→ THE DATA:

= Beginning of Section =

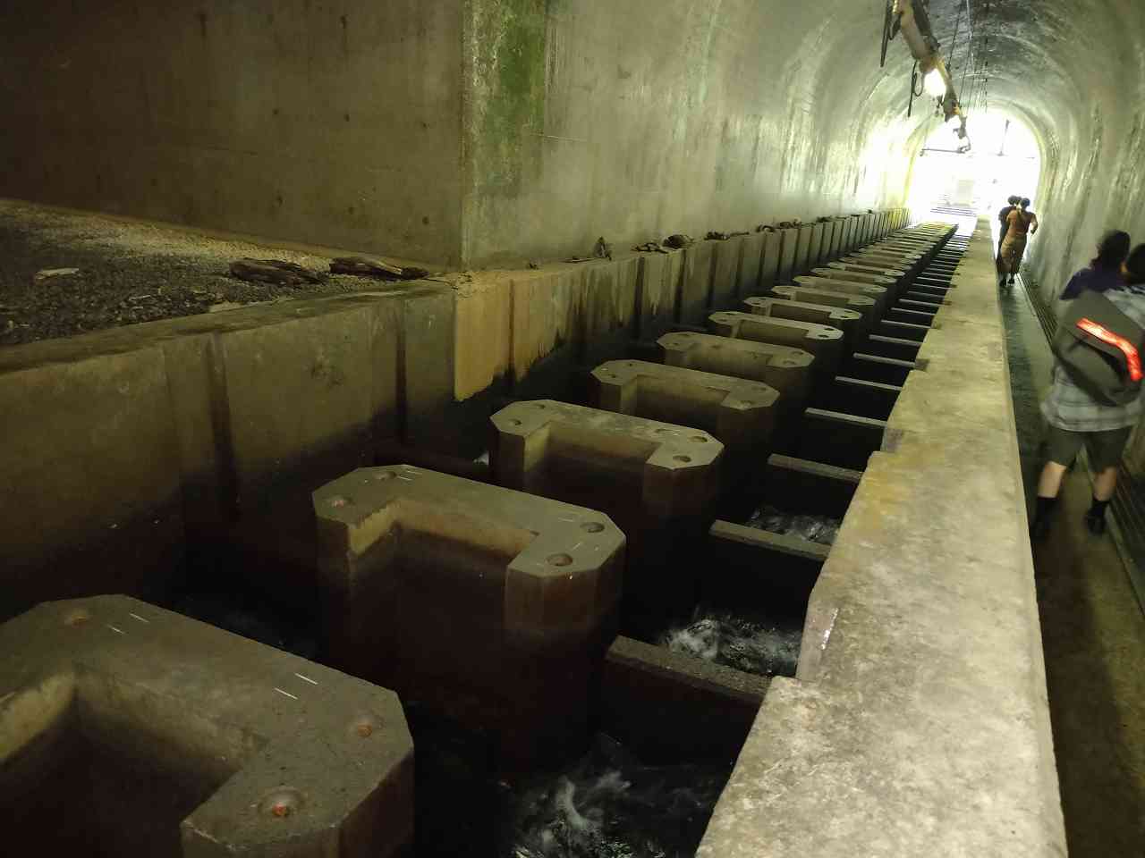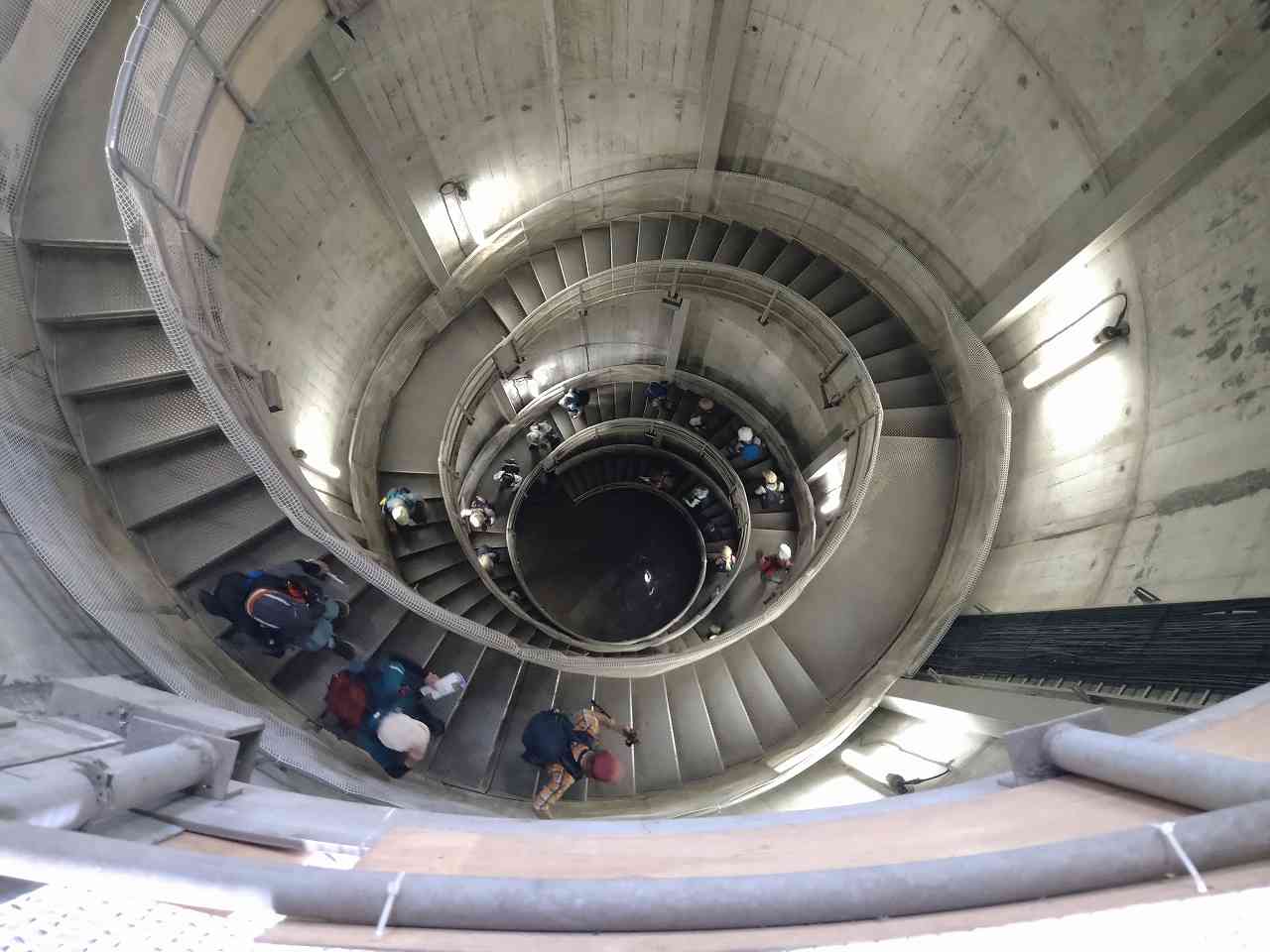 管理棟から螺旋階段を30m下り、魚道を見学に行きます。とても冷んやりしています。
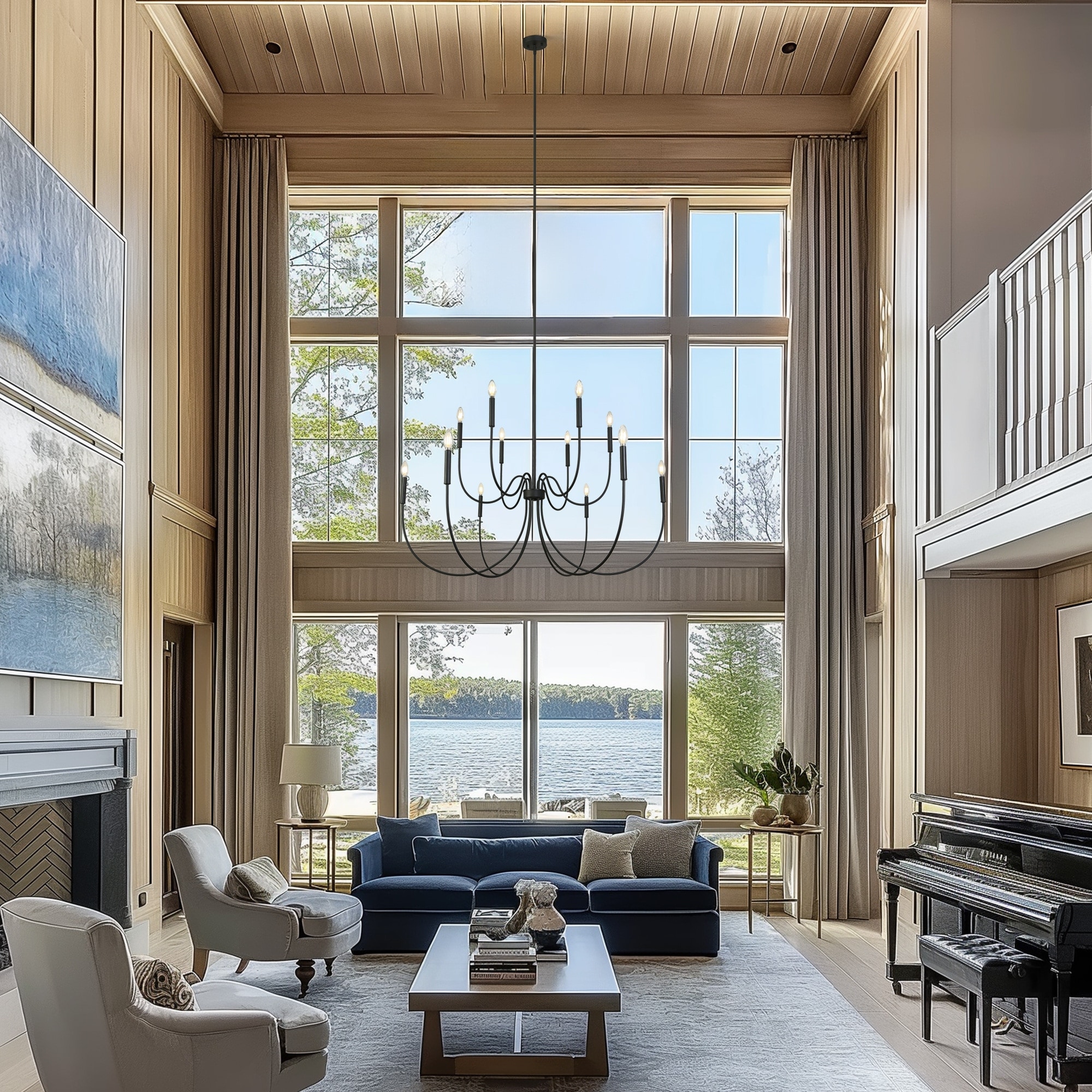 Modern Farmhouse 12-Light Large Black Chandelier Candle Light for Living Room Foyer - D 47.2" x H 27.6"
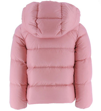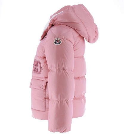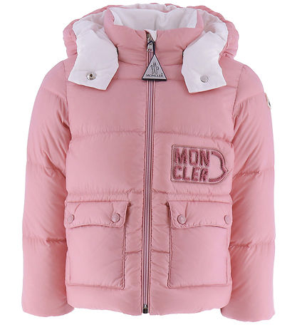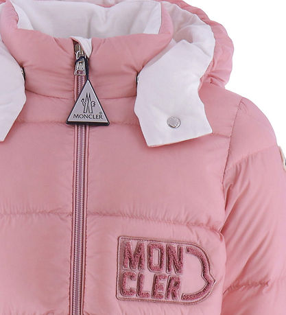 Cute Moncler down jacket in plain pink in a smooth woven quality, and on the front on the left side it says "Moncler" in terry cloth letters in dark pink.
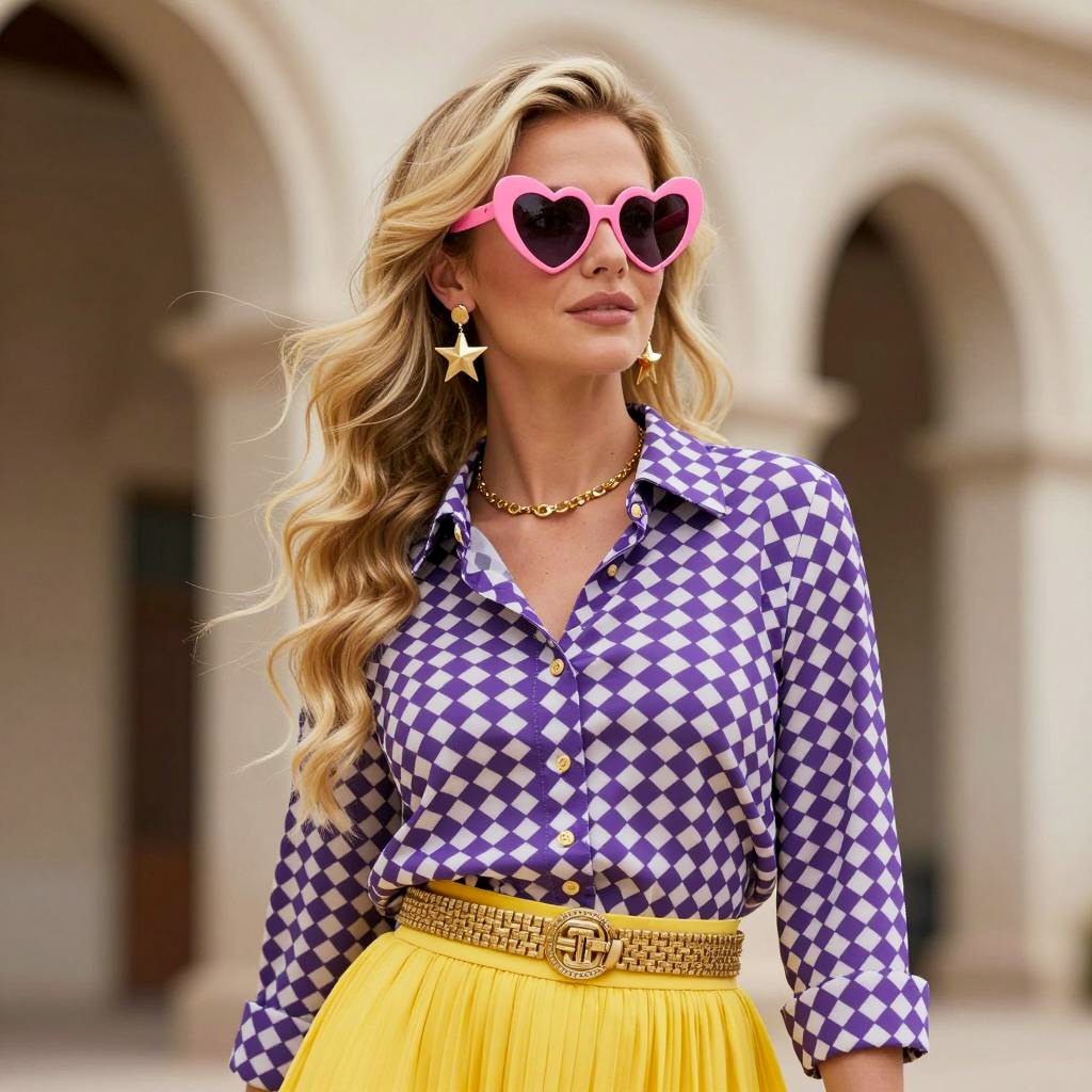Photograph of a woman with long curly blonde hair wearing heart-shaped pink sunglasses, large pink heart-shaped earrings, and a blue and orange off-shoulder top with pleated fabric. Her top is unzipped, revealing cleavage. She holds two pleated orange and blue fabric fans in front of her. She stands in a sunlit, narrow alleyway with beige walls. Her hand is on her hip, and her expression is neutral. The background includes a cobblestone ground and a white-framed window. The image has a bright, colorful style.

= End of Section =

→ WHAT YOU NEED TO DO: Please write out the whole listing exactly, but not the pictures in it.

→ THE COMPLETED TASK:
 管理棟から螺旋階段を30m下り、魚道を見学に行きます。とても冷んやりしています。
 Modern Farmhouse 12-Light Large Black Chandelier Candle Light for Living Room Foyer - D 47.2" x H 27.6"
 Cute Moncler down jacket in plain pink in a smooth woven quality, and on the front on the left side it says "Moncler" in terry cloth letters in dark pink.
Photograph of a woman with long curly blonde hair wearing heart-shaped pink sunglasses, large pink heart-shaped earrings, and a blue and orange off-shoulder top with pleated fabric. Her top is unzipped, revealing cleavage. She holds two pleated orange and blue fabric fans in front of her. She stands in a sunlit, narrow alleyway with beige walls. Her hand is on her hip, and her expression is neutral. The background includes a cobblestone ground and a white-framed window. The image has a bright, colorful style.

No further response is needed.